• **WHAT YOU HAVE TO DO**
Nothing in the entries may change when you repeat them, and no images may appear.

(Stored dataset items)

::::::::

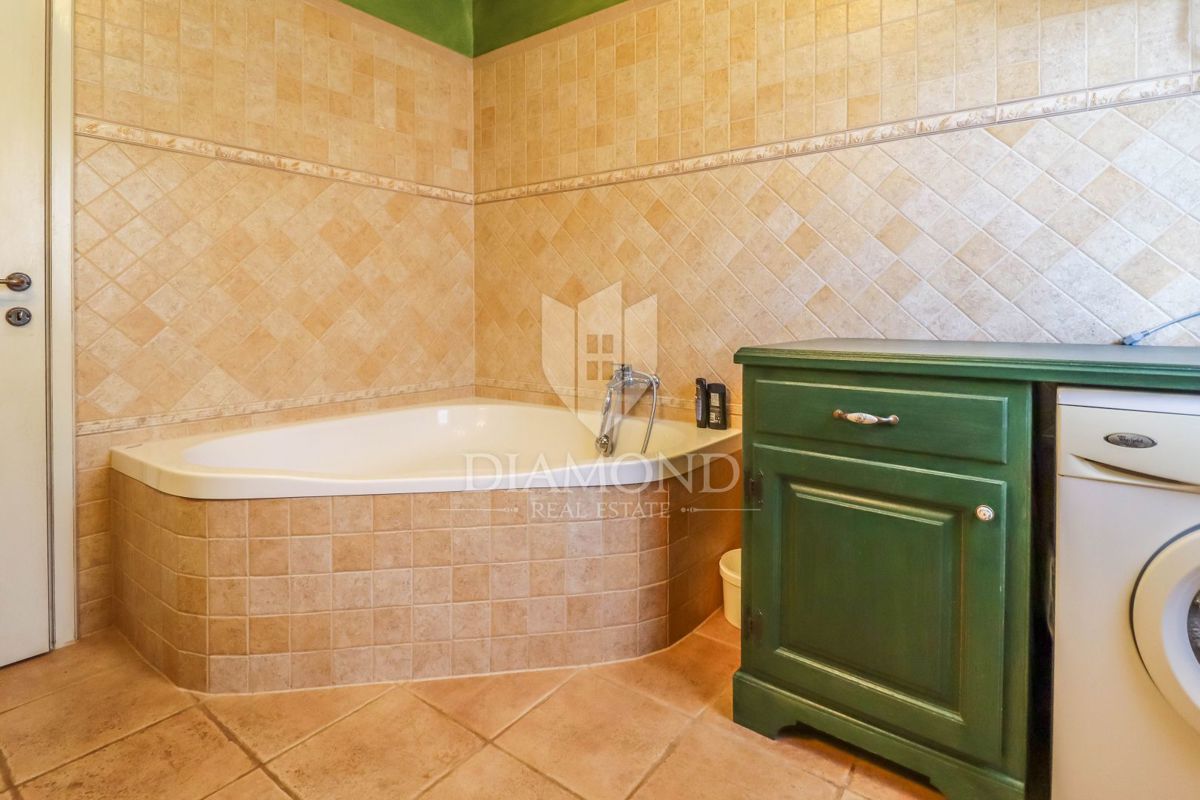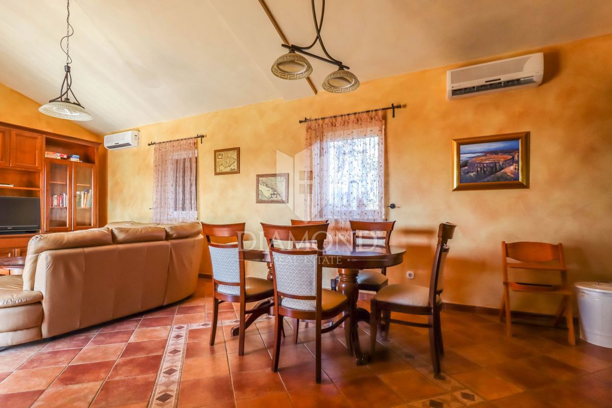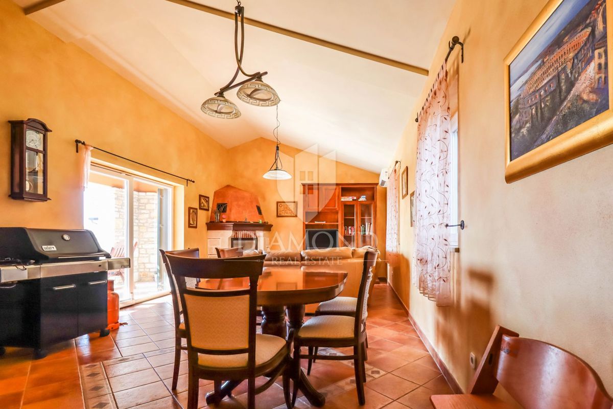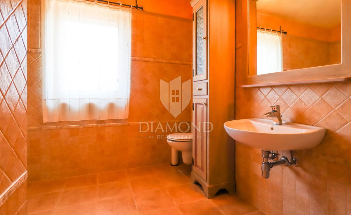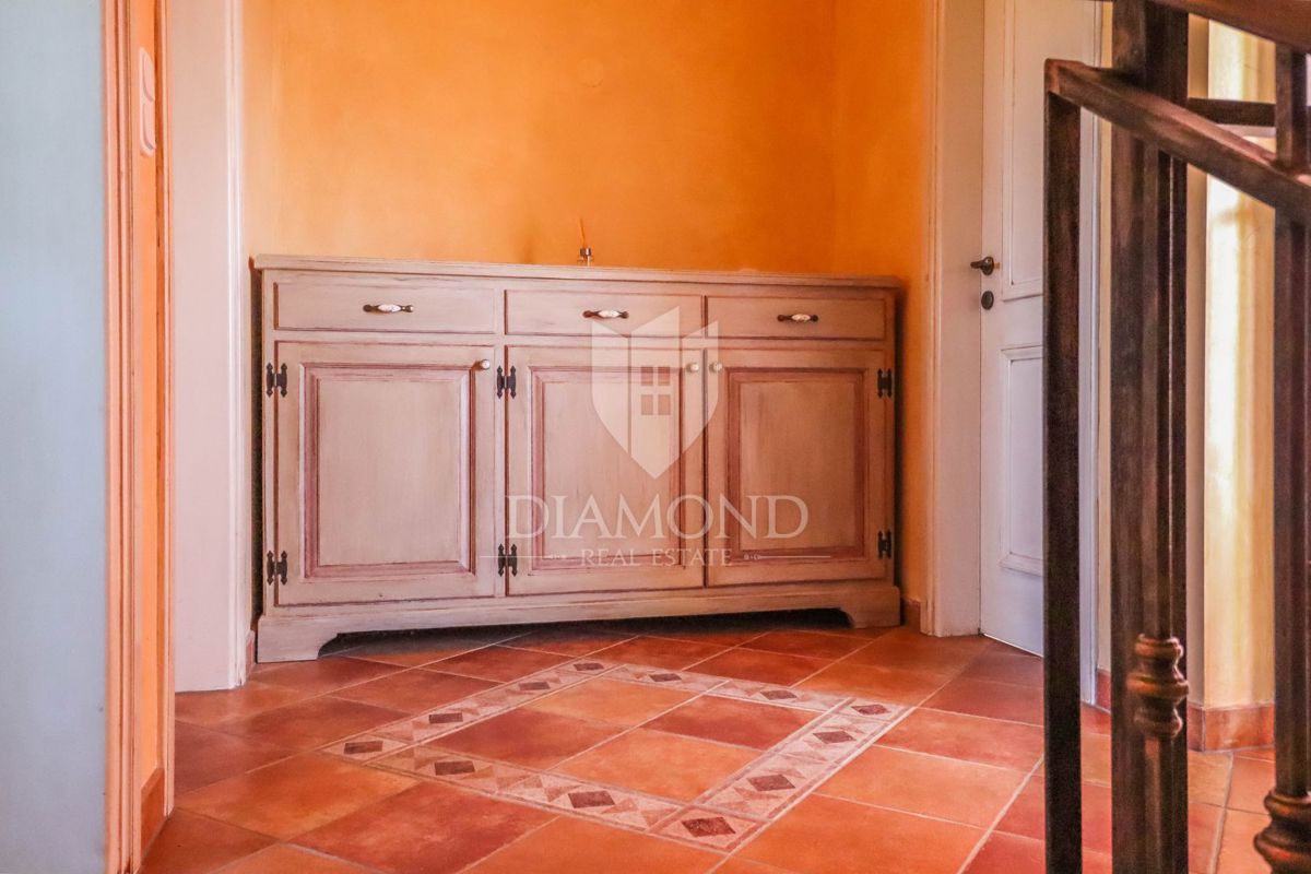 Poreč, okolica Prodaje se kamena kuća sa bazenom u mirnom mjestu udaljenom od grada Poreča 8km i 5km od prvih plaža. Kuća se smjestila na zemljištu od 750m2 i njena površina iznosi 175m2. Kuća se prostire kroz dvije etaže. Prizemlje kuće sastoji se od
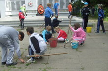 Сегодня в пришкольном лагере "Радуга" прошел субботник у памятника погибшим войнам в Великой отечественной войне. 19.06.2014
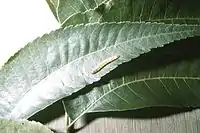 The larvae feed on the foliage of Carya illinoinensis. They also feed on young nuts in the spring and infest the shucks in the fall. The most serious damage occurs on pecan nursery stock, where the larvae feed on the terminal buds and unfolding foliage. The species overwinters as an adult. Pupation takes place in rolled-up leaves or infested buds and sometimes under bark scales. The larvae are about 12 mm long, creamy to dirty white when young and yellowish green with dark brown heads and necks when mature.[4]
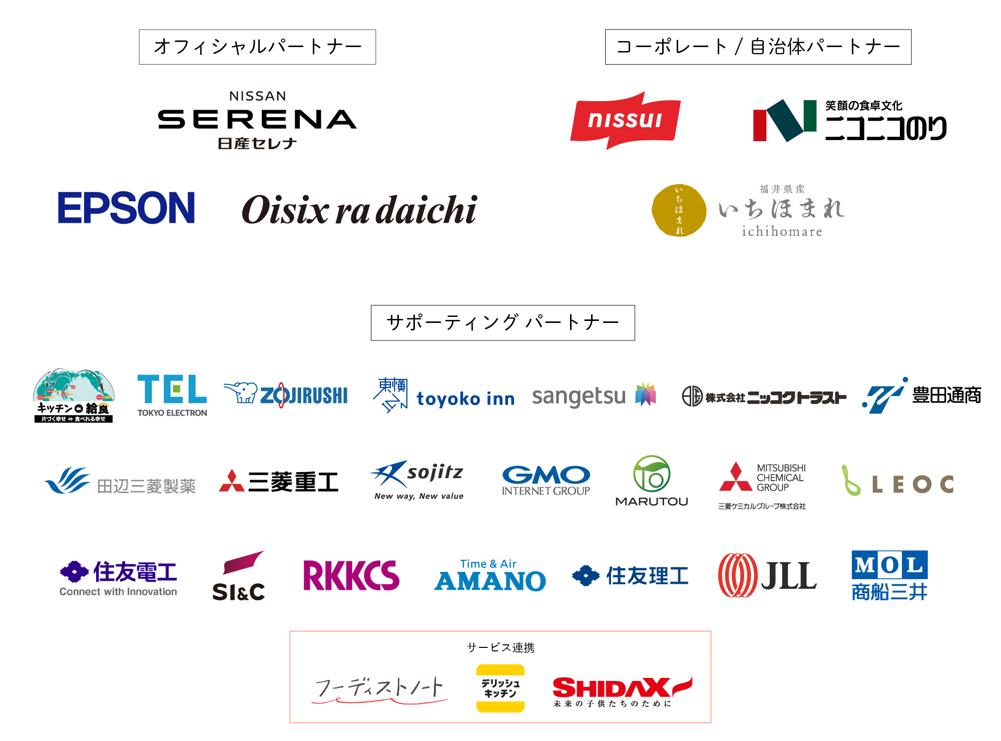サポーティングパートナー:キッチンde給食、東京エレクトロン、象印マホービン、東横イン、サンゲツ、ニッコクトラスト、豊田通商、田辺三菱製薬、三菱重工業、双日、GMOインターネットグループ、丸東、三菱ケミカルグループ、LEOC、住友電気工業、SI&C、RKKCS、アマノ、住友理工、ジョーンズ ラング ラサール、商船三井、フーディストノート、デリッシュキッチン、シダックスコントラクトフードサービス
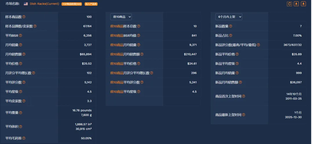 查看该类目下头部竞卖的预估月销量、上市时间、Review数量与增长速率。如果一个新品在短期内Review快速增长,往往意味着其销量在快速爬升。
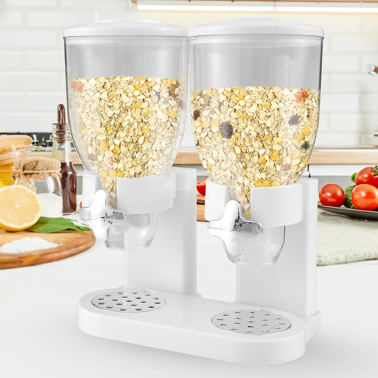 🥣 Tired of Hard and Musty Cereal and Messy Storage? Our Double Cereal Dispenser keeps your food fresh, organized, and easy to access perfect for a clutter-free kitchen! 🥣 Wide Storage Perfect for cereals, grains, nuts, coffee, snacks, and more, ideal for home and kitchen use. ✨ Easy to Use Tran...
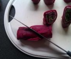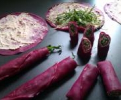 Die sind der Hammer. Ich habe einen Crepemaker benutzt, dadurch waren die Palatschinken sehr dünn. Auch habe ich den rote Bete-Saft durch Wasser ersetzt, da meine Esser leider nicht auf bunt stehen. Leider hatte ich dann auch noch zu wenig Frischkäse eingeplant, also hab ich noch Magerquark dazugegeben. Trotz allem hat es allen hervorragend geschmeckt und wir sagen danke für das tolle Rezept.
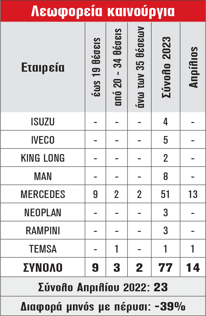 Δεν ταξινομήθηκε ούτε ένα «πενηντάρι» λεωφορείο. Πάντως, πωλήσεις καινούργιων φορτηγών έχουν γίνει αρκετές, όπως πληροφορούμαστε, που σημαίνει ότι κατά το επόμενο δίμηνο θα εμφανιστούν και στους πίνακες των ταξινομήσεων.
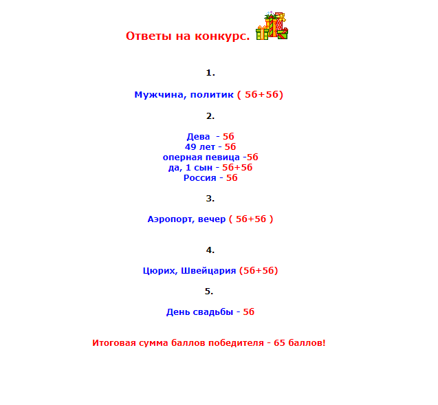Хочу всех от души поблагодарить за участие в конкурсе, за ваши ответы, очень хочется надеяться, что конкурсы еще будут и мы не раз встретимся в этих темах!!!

::::::::

• **SOLUTION FOR THIS PROBLEM**
 Poreč, okolica Prodaje se kamena kuća sa bazenom u mirnom mjestu udaljenom od grada Poreča 8km i 5km od prvih plaža. Kuća se smjestila na zemljištu od 750m2 i njena površina iznosi 175m2. Kuća se prostire kroz dvije etaže. Prizemlje kuće sastoji se od
 Сегодня в пришкольном лагере "Радуга" прошел субботник у памятника погибшим войнам в Великой отечественной войне. 19.06.2014
 The larvae feed on the foliage of Carya illinoinensis. They also feed on young nuts in the spring and infest the shucks in the fall. The most serious damage occurs on pecan nursery stock, where the larvae feed on the terminal buds and unfolding foliage. The species overwinters as an adult. Pupation takes place in rolled-up leaves or infested buds and sometimes under bark scales. The larvae are about 12 mm long, creamy to dirty white when young and yellowish green with dark brown heads and necks when mature.[4]
サポーティングパートナー:キッチンde給食、東京エレクトロン、象印マホービン、東横イン、サンゲツ、ニッコクトラスト、豊田通商、田辺三菱製薬、三菱重工業、双日、GMOインターネットグループ、丸東、三菱ケミカルグループ、LEOC、住友電気工業、SI&C、RKKCS、アマノ、住友理工、ジョーンズ ラング ラサール、商船三井、フーディストノート、デリッシュキッチン、シダックスコントラクトフードサービス
 查看该类目下头部竞卖的预估月销量、上市时间、Review数量与增长速率。如果一个新品在短期内Review快速增长,往往意味着其销量在快速爬升。
 🥣 Tired of Hard and Musty Cereal and Messy Storage? Our Double Cereal Dispenser keeps your food fresh, organized, and easy to access perfect for a clutter-free kitchen! 🥣 Wide Storage Perfect for cereals, grains, nuts, coffee, snacks, and more, ideal for home and kitchen use. ✨ Easy to Use Tran...
 Die sind der Hammer. Ich habe einen Crepemaker benutzt, dadurch waren die Palatschinken sehr dünn. Auch habe ich den rote Bete-Saft durch Wasser ersetzt, da meine Esser leider nicht auf bunt stehen. Leider hatte ich dann auch noch zu wenig Frischkäse eingeplant, also hab ich noch Magerquark dazugegeben. Trotz allem hat es allen hervorragend geschmeckt und wir sagen danke für das tolle Rezept.
 Δεν ταξινομήθηκε ούτε ένα «πενηντάρι» λεωφορείο. Πάντως, πωλήσεις καινούργιων φορτηγών έχουν γίνει αρκετές, όπως πληροφορούμαστε, που σημαίνει ότι κατά το επόμενο δίμηνο θα εμφανιστούν και στους πίνακες των ταξινομήσεων.
Хочу всех от души поблагодарить за участие в конкурсе, за ваши ответы, очень хочется надеяться, что конкурсы еще будут и мы не раз встретимся в этих темах!!!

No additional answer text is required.